* [Source material]:
============================================================
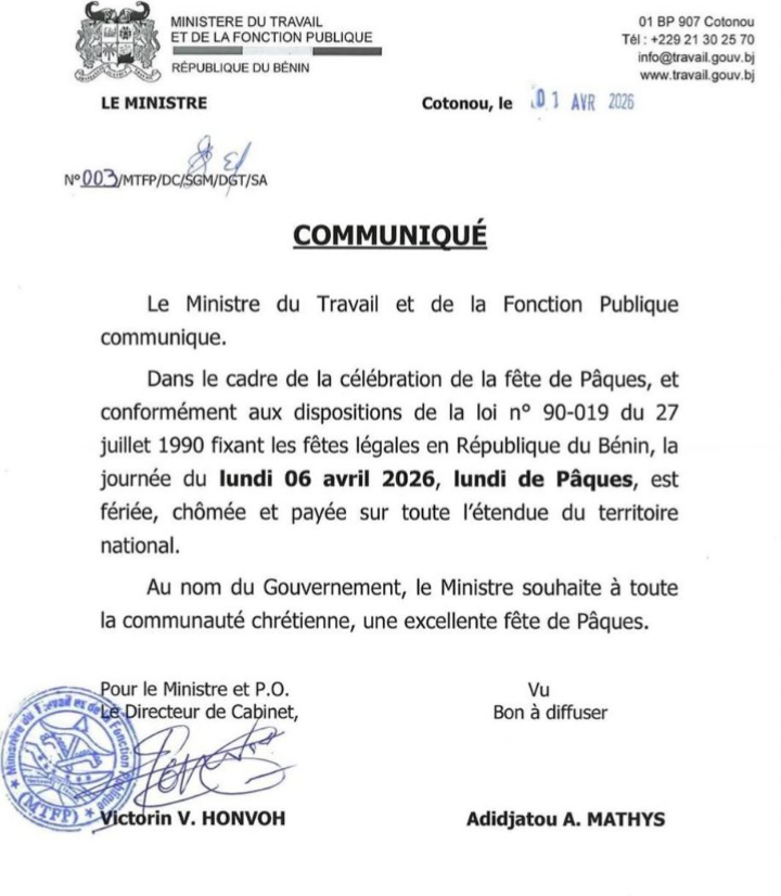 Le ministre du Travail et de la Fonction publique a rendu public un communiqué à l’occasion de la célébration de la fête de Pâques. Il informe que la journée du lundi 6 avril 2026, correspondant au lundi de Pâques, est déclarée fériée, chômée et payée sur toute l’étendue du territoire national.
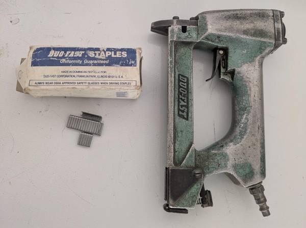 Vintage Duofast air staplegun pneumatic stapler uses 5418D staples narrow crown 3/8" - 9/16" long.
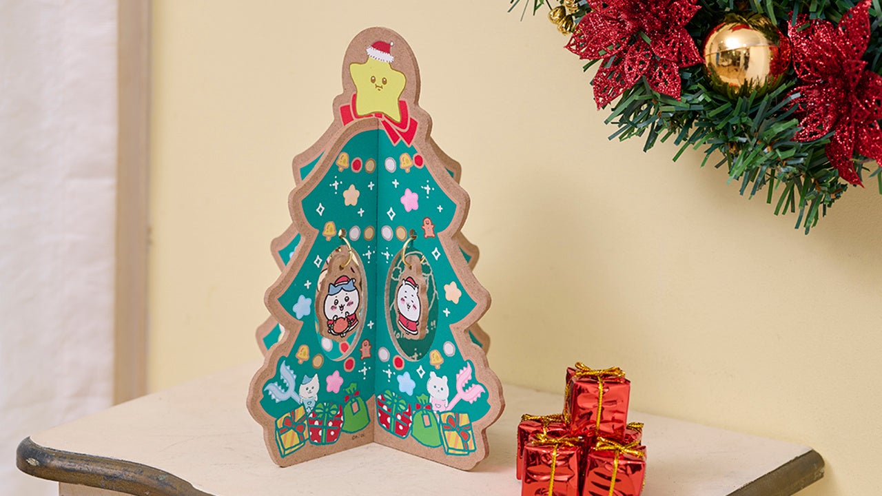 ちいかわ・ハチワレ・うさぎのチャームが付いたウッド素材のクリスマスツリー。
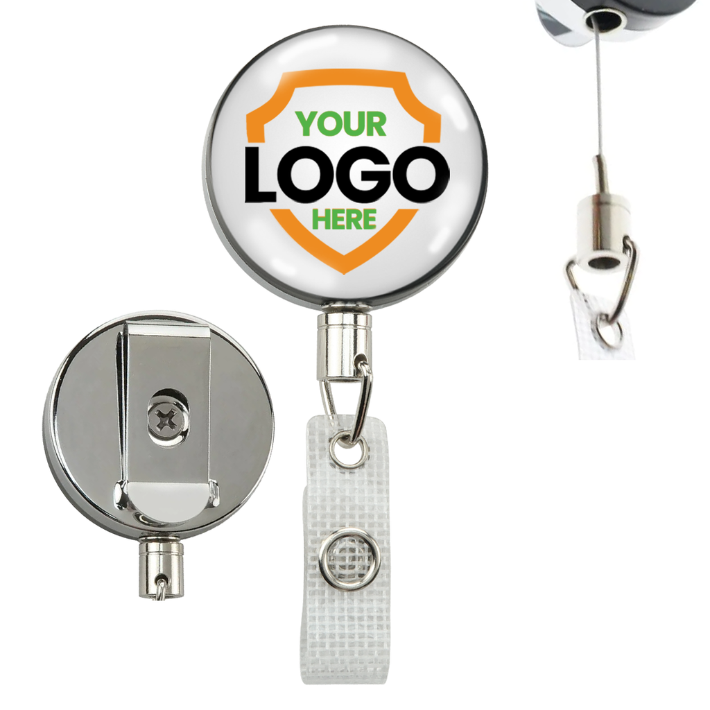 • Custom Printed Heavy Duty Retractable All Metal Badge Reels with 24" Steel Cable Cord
============================================================
* [Task instructions]: Pictures must be left out. Repeat exactly the lines from the one containing "ちいかわ・ハチワレ・うさぎのチャームが付いたウッド素材のクリスマスツリー。" through the final line of the data.

* [Answer to this exercise]:
 ちいかわ・ハチワレ・うさぎのチャームが付いたウッド素材のクリスマスツリー。
 • Custom Printed Heavy Duty Retractable All Metal Badge Reels with 24" Steel Cable Cord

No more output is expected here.